It is important to consider the use of artificial motion for eye tracking data quality evaluation in the context of the current practice of using actual biological motion for that purpose. Prior to a typical evaluation of eye tracker spatial accuracy and precision with human observers a conversion of raw eye tracker data to screen coordinates must be performed by using a mapping function. This function is derived from a process known as calibration, in which a set of targets in known positions on the screen are displayed, and subjects are asked to fixate (i.e., direct and hold their gaze) on the centre of the target. The corresponding eye tracker position data is recorded for each calibration point and the mapping function is derived. Following calibration, the eye tracker data typically contains gaze position in screen coordinates. Accuracy is then computed as the average distance in degrees of visual angle between the gaze position reported by the eye tracker and the centre of the fixated targets. In addition, precision is computed based on the variance in eye tracker gaze position data (e.g., standard deviation [SD] and root mean square [RMS]; see Holmqvist et al., Citation2011, for a review) when subjects repeatedly fixate the same points. Calibration schemes reported in the literature use anywhere from 3 points to 25 points. Importantly, the choices of a mapping function and the calibration process have a powerful impact on the nature and magnitude of systematic errors that are introduced, thereby influencing accuracy.

One major problem with using human observers to evaluate accuracy and precision is the fact that the entire procedure is based on the assumption that eye tracker data points are collected when observers are looking at the centre of fixation targets. This assumption is clearly false as observers have limited control in accurately directing and holding their gaze and limited awareness for their actual gaze position. In one sense the procedure as described earlier shares some of the classic problems of any method which primarily depends on subjective report. Another problem with attempting to measure eye tracking data quality with human observers is that the procedure used is typically limited to gathering data while subjects are fixating static targets. Ironically, devices purported to be eye movement monitoring systems are evaluated under conditions in which the eye is assumed to be motionless. In fact, even during fixations, the normal eye is never still due to miniature eye movements (i.e., microsaccades, drift, and tremor). The emphasis on the tracking of “stationary” biological or artificial eyes as a primary method for eye tracker data quality evaluation has the unfortunate consequence of creating an incentive for manufacturers to produce systems that use heavy filtering (i.e., denoising algorithms) that, while making the eye look stable during fixations, severely distort the eye movement signal in terms of the velocity profile of the motion. Although appearing to improve static accuracy, it is often not appreciated that such filtering destroys important aspects of data quality including the temporal accuracy of identifying the beginning and end of fixations, the number of fixations detected (see Holmqvist et al., Citation2012), the kinematics of saccadic eye movements, the ability to detect small saccades, and eye movements produced while looking at dynamic stimuli (e.g., smooth pursuit).

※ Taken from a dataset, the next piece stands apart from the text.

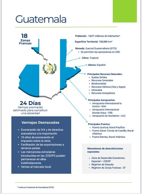 Catalogada como el centro de las Américas, Guatemala constituye la puerta natural entre los mercados norteamericano y sudamericano. En sus 108,888 km2 el país cuenta con 18 Zonas Francas que resguardan a 96 empresas. De igual manera el país combina estabilidad macroeconómica, destaca entre sus 18.07 millones de habitantes una fuerza laboral joven y una creciente infraestructura productiva que impulsa la inversión y el comercio internacional.

Thus, the main potential advantage of using artificial motion for testing eye tracker data quality is the fact that it permits tight control over the input to the tracker and an ability to repeat the same input multiple times. The broader framework for such an approach is the functional testing method (commonly referred to as black box testing) that is used to evaluate software and hardware systems. Functional testing requires no knowledge of the inner working of the system that is being evaluated. Rather, given specification of system requirements by users, relevant and well-specified inputs are used and the system's output is recorded and analysed. The focus of the present paper is on evaluating the potential usefulness of two devices for producing artificial pupil motion. The first device is designed without any attempt to mimic the nature of biological eye motion and is only meant to trick the eye tracker to detect an abrupt change in the gaze position of the artificial pupil (henceforth referred to as an artificial saccade generator). In contrast, the second device is designed to be able to provide the eye tracker with motion sequences that closely resemble biological motion. In the remainder of this paper each of these devices are described and their potential utility is illustrated by examining the data produced by a video-based eye tracker (an EyeLink 1000 Plus system, SR Research Ltd) using these two methods to generate various inputs.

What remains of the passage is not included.